# [AIM OF THE EXERCISE]
In the entries that follow, find the line containing "We have truly" and the line containing "Our team assisted", then copy exactly everything from the first through the second except the pictures.

# [DATA TO USE]

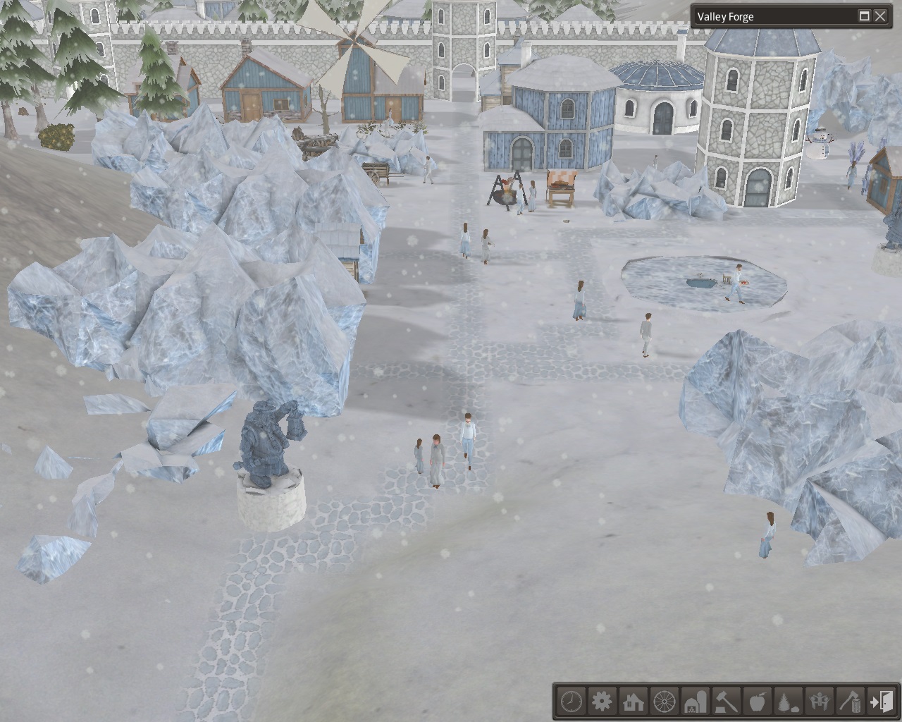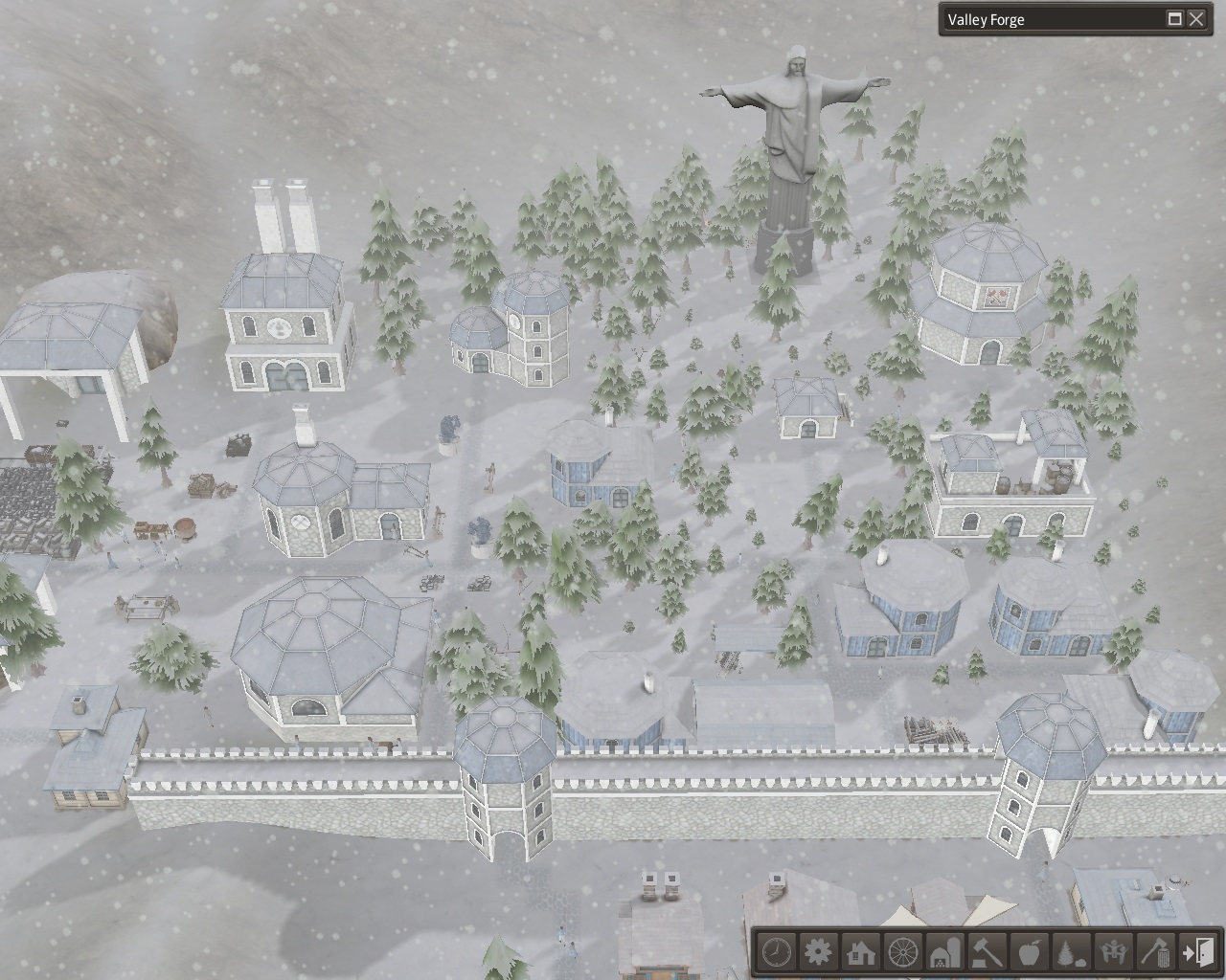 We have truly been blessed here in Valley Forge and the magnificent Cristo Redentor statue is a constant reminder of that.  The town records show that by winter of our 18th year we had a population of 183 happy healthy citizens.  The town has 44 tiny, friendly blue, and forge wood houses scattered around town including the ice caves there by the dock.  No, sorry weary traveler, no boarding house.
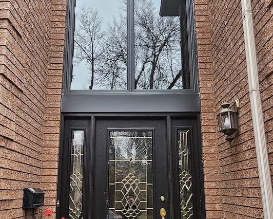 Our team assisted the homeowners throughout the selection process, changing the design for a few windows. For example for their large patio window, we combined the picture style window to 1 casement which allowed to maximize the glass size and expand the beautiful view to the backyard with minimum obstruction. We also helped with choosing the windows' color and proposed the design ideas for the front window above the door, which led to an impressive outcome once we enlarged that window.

* * *

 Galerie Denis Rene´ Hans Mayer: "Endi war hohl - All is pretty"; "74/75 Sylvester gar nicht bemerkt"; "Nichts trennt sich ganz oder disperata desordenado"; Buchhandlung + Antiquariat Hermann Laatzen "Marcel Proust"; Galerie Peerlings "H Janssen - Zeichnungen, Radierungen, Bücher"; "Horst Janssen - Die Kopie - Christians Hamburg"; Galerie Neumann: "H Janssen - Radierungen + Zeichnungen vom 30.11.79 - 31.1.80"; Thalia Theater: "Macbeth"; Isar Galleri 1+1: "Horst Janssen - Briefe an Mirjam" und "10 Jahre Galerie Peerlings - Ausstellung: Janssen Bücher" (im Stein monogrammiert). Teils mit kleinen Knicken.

...

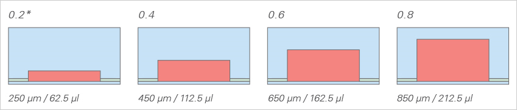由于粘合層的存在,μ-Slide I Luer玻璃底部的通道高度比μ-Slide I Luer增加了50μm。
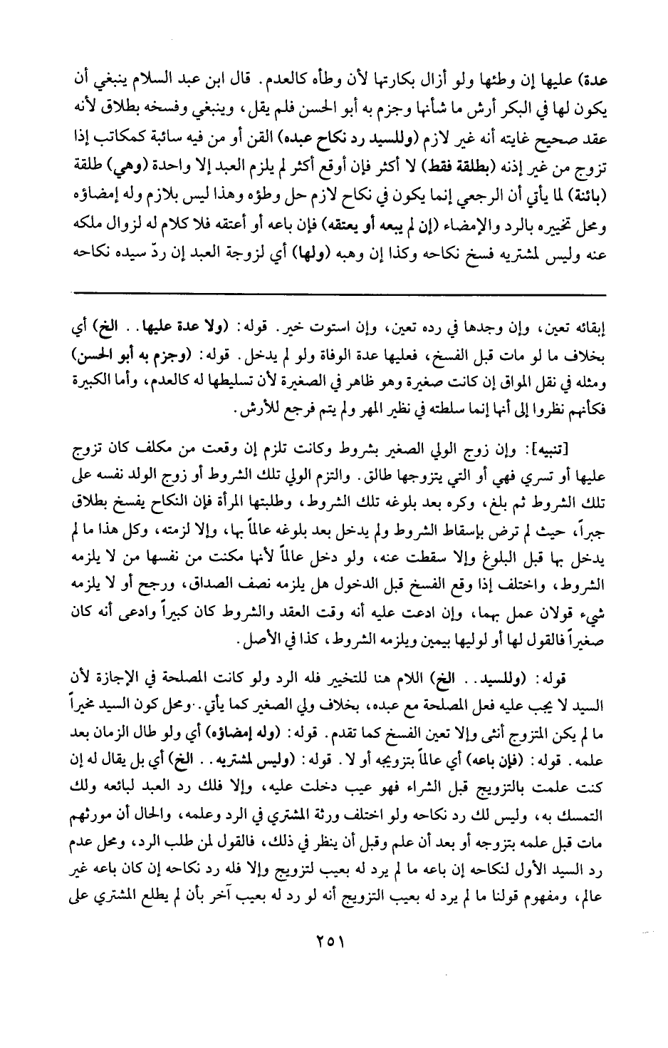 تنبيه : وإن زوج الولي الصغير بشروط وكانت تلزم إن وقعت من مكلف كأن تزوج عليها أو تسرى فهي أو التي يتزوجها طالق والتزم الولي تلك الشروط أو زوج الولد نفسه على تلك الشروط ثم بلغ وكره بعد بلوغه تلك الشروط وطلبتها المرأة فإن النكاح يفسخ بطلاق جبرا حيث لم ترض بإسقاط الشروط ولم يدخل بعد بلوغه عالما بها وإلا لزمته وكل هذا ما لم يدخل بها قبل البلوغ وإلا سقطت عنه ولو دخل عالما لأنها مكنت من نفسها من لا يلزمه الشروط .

# [OUTPUT BELOW]
 We have truly been blessed here in Valley Forge and the magnificent Cristo Redentor statue is a constant reminder of that.  The town records show that by winter of our 18th year we had a population of 183 happy healthy citizens.  The town has 44 tiny, friendly blue, and forge wood houses scattered around town including the ice caves there by the dock.  No, sorry weary traveler, no boarding house.
 Our team assisted the homeowners throughout the selection process, changing the design for a few windows. For example for their large patio window, we combined the picture style window to 1 casement which allowed to maximize the glass size and expand the beautiful view to the backyard with minimum obstruction. We also helped with choosing the windows' color and proposed the design ideas for the front window above the door, which led to an impressive outcome once we enlarged that window.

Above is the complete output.